Sunday, July 10, 2022

Multitenancy

 

This is a continuation of series of articles on hosting solutions and services on Azure public cloud with the most recent discussion on Multitenancy here This article discusses the architectural considerations in using CosmosDB for multitenant solutions.

A multitenant application solution can involve a CosmosDB storage for the following reasons: for near-limitless storage, as a document store, for multi-region availability and separation of read-write and read-only accesses, for high throughput and universal web access. Features of Azure Cosmos DB that support multitenancy include: 1) Partitioning ,  2) Managing request units, 3) Customer-managed keys, 4) isolation models and 5) hybrid approaches.

We begin partitioning with CosmosDB containers. We create containers that are shared across multiple tenants. The tenant identifier can be used as a partition key or multiple partition keys can be used for a single tenant. A well-planned partitioning strategy implements sharding pattern. A shard typically contains items that fall within a specified range determined by one or more attributes of data. These attributes form the shard key and should be static since they are not based on the data that might change. This helps with physically organizing the data. All data accesses are directed towards the appropriate shard.  The sharding logic can be implemented as part of the data access code or it could be implemented by the data storage system. CosmosDB spreads the tenants across multiple physical nodes to achieve a high degree of scale.

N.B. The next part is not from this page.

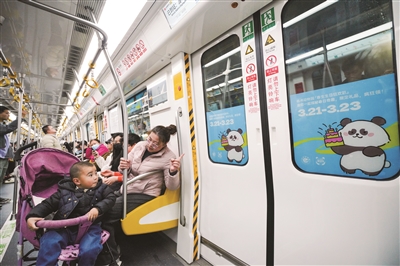 3月21日是杭州动物园的“顶流明星”——大熊猫“春生”的5周岁生日。3月15日起一个月内,杭州地铁10号线的其中一班列车(1、2号车厢)成了“春生”的生日专列,车厢内外贴满它的可爱形象,让乘客感受到浓厚生日氛围。商报记者 项凯 摄影报道

CosmosDB’s pricing model is based on the number of request units per second that are provisioned or consumed. A request unit is a logical abstraction of the cost of database operation or query. Throughput is a defined number of request units per second that is provisioned for a workload. The determination of throughput affects the performance and price of CosmosDB resources.

When separate containers are provisioned for each tenant within a shared database, the request units can be provisioned for the entire database and all the tenants can share them.  But this approach may be susceptible to the noisy neighbor problem because a single tenant’s container might overuse the shared provisioned request units. Once the noisy tenants are identified, they can be put into a dedicated container and given their own request units. CosmosDB also provides a serverless tier which is suitable for workloads that have intermittent or unpredictable traffic. These approaches can be mixed and matched.

Some tenants might require their own encryption keys. Such tenants need to be deployed using dedicated CosmosDB accounts.

There are several forms of isolation models. These include: shared containers with partition keys per tenant, containers with shared throughput per tenant, containers with dedicated throughput per tenant and a database account per tenant. Each of these models have isolation options.

The shared containers with partition keys per tenant allows us to share throughput across tenants grouped by container which lowers cost on noisy tenants or enable easy queries across tenants by putting those tenants in a container since the queries are bounded by containers.

The container with shared throughput per tenant allows throughput across tenants to be shared because they are grouped by database or provide easy management of tenants since a container can be dropped when a tenant leaves.

The container with dedicated throughput per tenant has independent throughput options and eliminates noisy neighbors or allows the tenants to be grouped within database accounts based on regional needs.

The database account per tenant has independent geo-replication knobs since it is per tenant or it could provide multiple throughput options where the dedicated throughput eliminates noisy neighbors.

These constitute some of the approaches for designing multitenant solutions with CosmosDB storage.